Les processus sociaux aux yeux de Mafalda
Isabella Cosse est l'auteur d'un ouvrage de référence sur l'œuvre de Quino, et pour cette raison, elle a été invitée à participer à un récent volume publié à Madrid.
Mafalda est toujours lu. Les couches sémantiques que le chef-d'œuvre de Quino accumule se complètent et se diversifient. À l'intérieur et à l'extérieur du pays. Des aspects fascinants qui montrent le génie créatif de l'humoriste de Mendoza, mais aussi la ruse et le professionnalisme avec lesquels ses éditeurs ont promu la bande dans d'autres géographies et cultures. Le long de ce chemin court l'essai que la chercheuse et enseignante Isabella Cosse (Conicet, UBA) inclut dans Cómics y memoria en América Latina, un récent volume édité par Cátedra (Madrid), avec une tâche d'édition en charge de Jorge L. Catalá Carrasco, Paulo Drinot et James Scorer. «La bande dessinée a eu une place centrale dans les processus sociaux et politiques latino-américains, et en particulier dans certaines situations liées à la mémoire. C'est un livre qui rend compte de cette ampleur et de cette complexité», explique Cosse, dont le livre Mafalda: historia social et politique (FCE, 2014) connaît de nos jours une traduction anglaise de Duke University Press.
La genèse de la bande dessinée et de la mémoire en Amérique latine découle d' un appel lancé en Angleterre. Ces jours-là ont donné lieu à un livre, dont la présidence est la traduction en espagnol. Quelque chose qui peut être curieux, mais néanmoins pas si curieux. Depuis l'intérêt pour la bande dessinée latino-américaine - et en particulier l'Argentine - est de longue date. Inutile de dire que le lien entre les bandes dessinées locales et internationales devait se faire tôt. Cosse choisit, entre autres exemples, celui de l'italien César Civita, «l'un des plus importants producteurs de bandes dessinées du pays, propriétaire de l'emporium Abril. Il est venu fuyant la guerre et a été un pôle de production éditoriale très effervescent. De plus, au moment du boom de la bande dessinée et de l'humour graphique, dans les années 60 et 70, en Argentine, les dessinateurs et auteurs dialoguaient dès leur création avec les tendances de la bande dessinée au niveau international ».
- Dans ce contexte, Mafalda apparaît précisément.
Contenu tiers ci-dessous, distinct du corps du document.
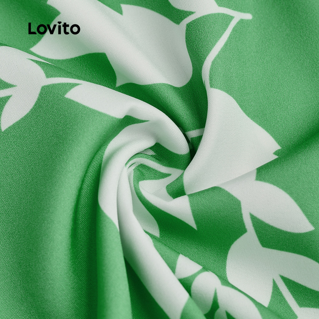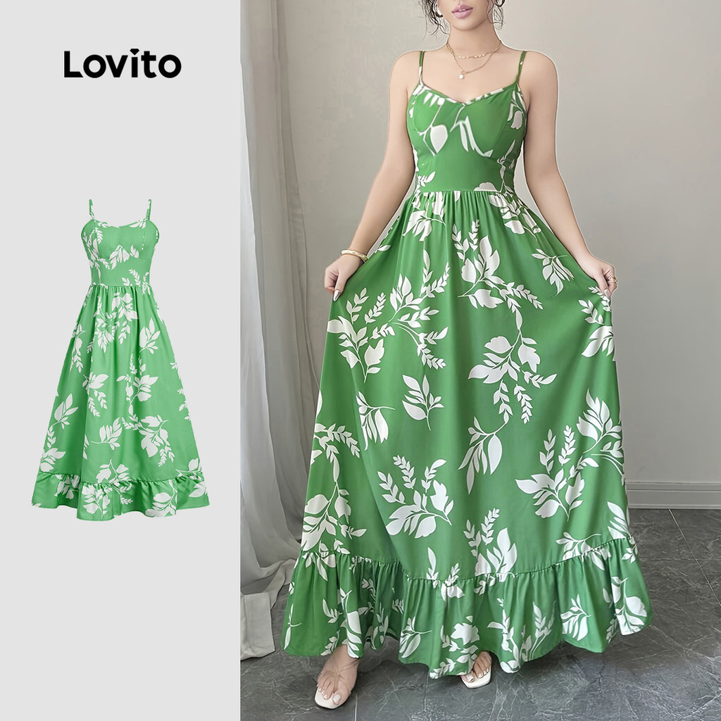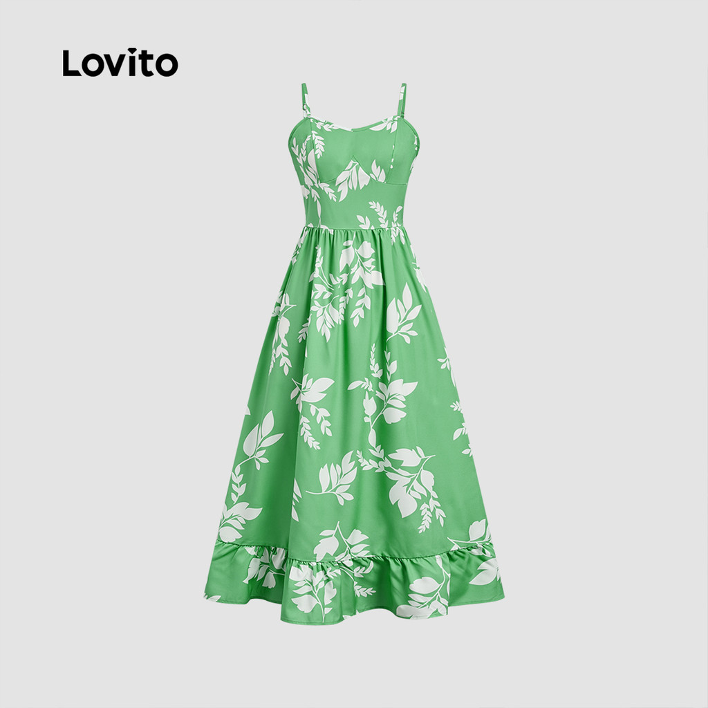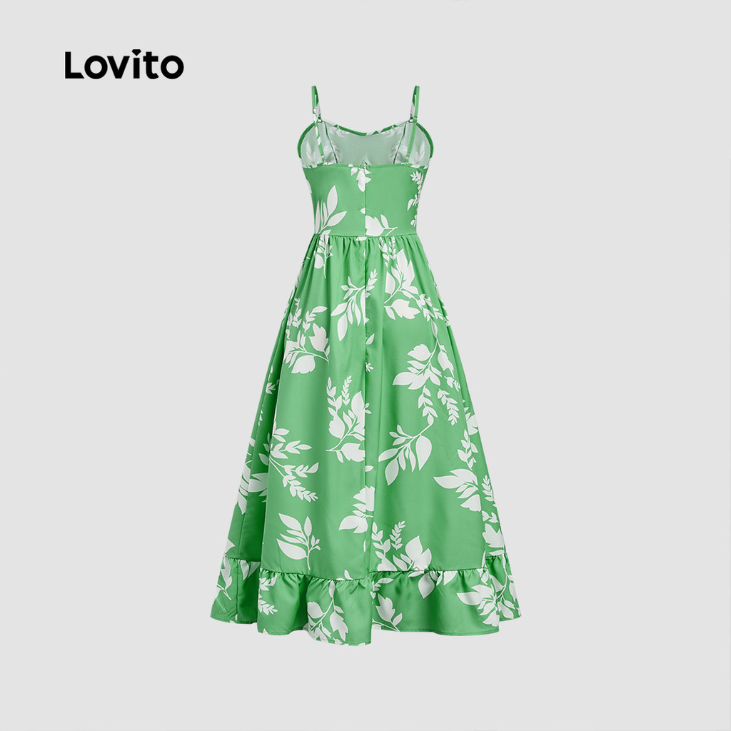 Lovito Vestido Boho Estilo Resort Zíper Babado Na Bainha Primavera/verão Verde para mulheres. LBL32222
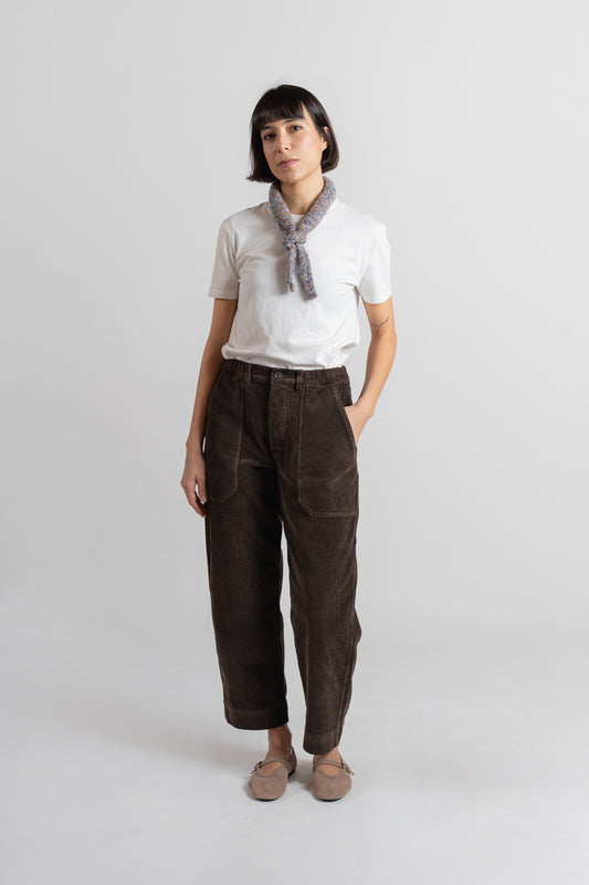 Il velluto Laurels Apron è composto per l’80% da cotone vergine e per il 20% da cotone riciclato certificato GRS, una scelta che unisce qualità e rispetto.
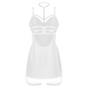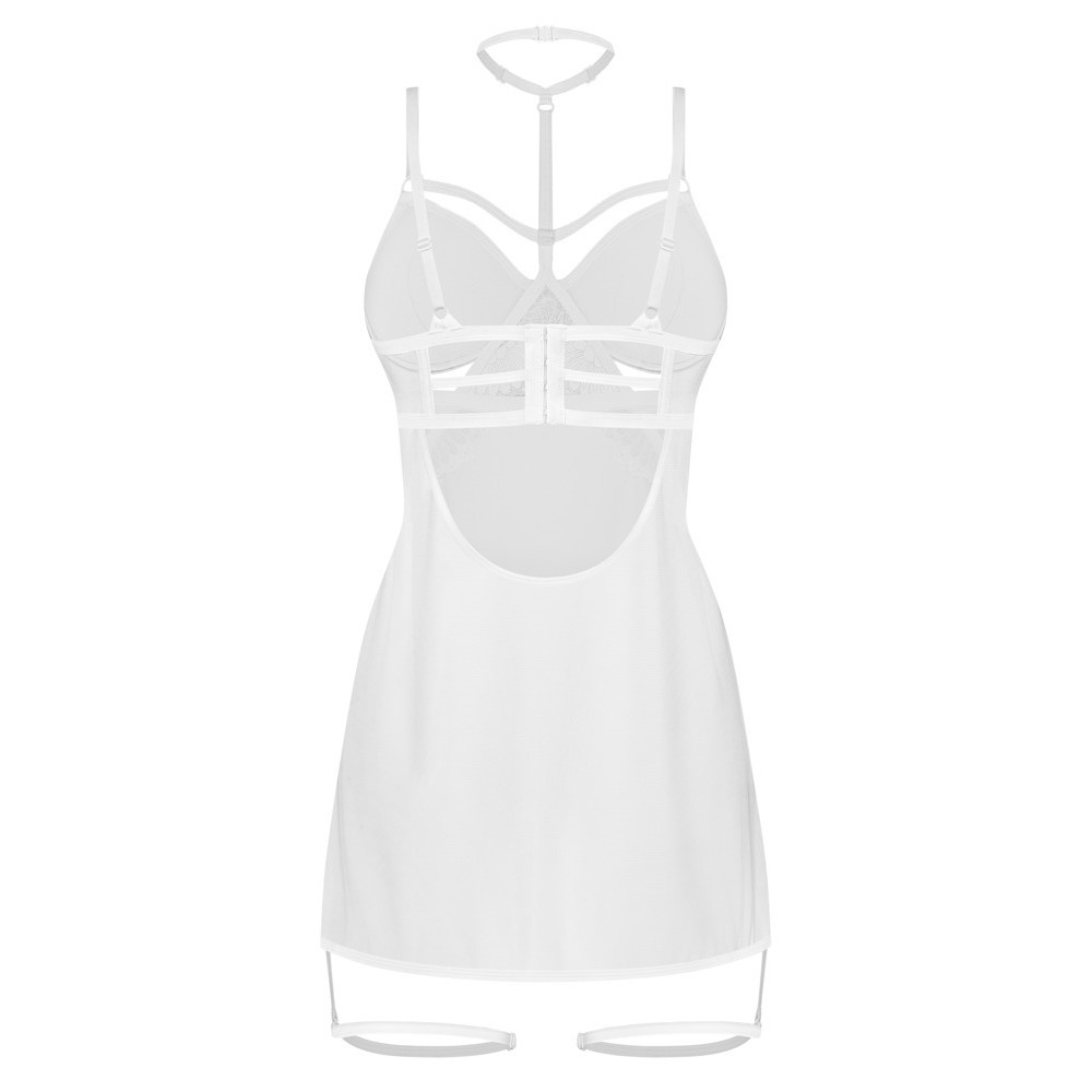 A camisa de noite justa Arrowel da Obsessive é feita de tecido branco transparente com uma delicada renda na frente. É macia e elástica. Também tem tiras elásticas elegantes nas copas macias com aros. Uma alça ajustável conduz à gargantilha ajustável.

- En commençant à m'occuper de Mafalda , j'ai réalisé qu'il y avait une dimension internationale, transnationale. C'est peut-être la bande dessinée latino-américaine la plus connue et la plus lue, et cette dimension devait être prise en compte. C'était un travail à deux volets. D'une part, savoir comment Mafalda est arrivée à différents endroits; et à son tour, si le succès était possible, c'était parce que Mafalda avait acquis de nouvelles significations dans chacun de ces endroits. L'Italie était la porte d'entrée, après un rédacteur et journaliste, Marcelo Ravoni, qui avait dû partir à cause de la dictature d'Onganía. Il a convoqué Quino pour une première publication, avec une sélection de bandes. Il y avait là une coupure qui pourrait potentiellement être intéressante. Cela se produit en 1968, et Ravoni met en lumière les enjeux liés à la répression, à la mobilisation étudiante, à la politisation, à la sexualité et aux nouvelles méthodes parentales, qui impliquaient grandement la situation à cette époque, les classes populaires, les classes. médias, étudiants et jeunes en Italie. Je pense que cette possibilité de s'approprier Mafalda est surtout fournie par le dessin et la création conceptuelle de Quino, mais aussi par le travail des éditeurs et des journalistes, favorisant certaines lectures plus que d'autres. Il est très curieux qu'en Espagne, sous le régime de Franco, lorsque Mafalda eut de nombreuses résonances par rapport à la répression et à la lecture entre les lignes, un magazine qui cherchait à devenir la référence de la bande dessinée hispanophone, comme El Globo , l'avait comme votre animal de compagnie. Dans le premier numéro (mars 1973), elle est en couverture et c'est elle qui ouvre les lecteurs et les commentaires éditoriaux.
- Même lorsque Quino a arrêté de dessiner Mafalda en 1973, il l'a continué avec des illustrations et des déclarations occasionnelles; en ce sens, sa référence à Mafalda comme l'un des 30 000 disparus est pertinente.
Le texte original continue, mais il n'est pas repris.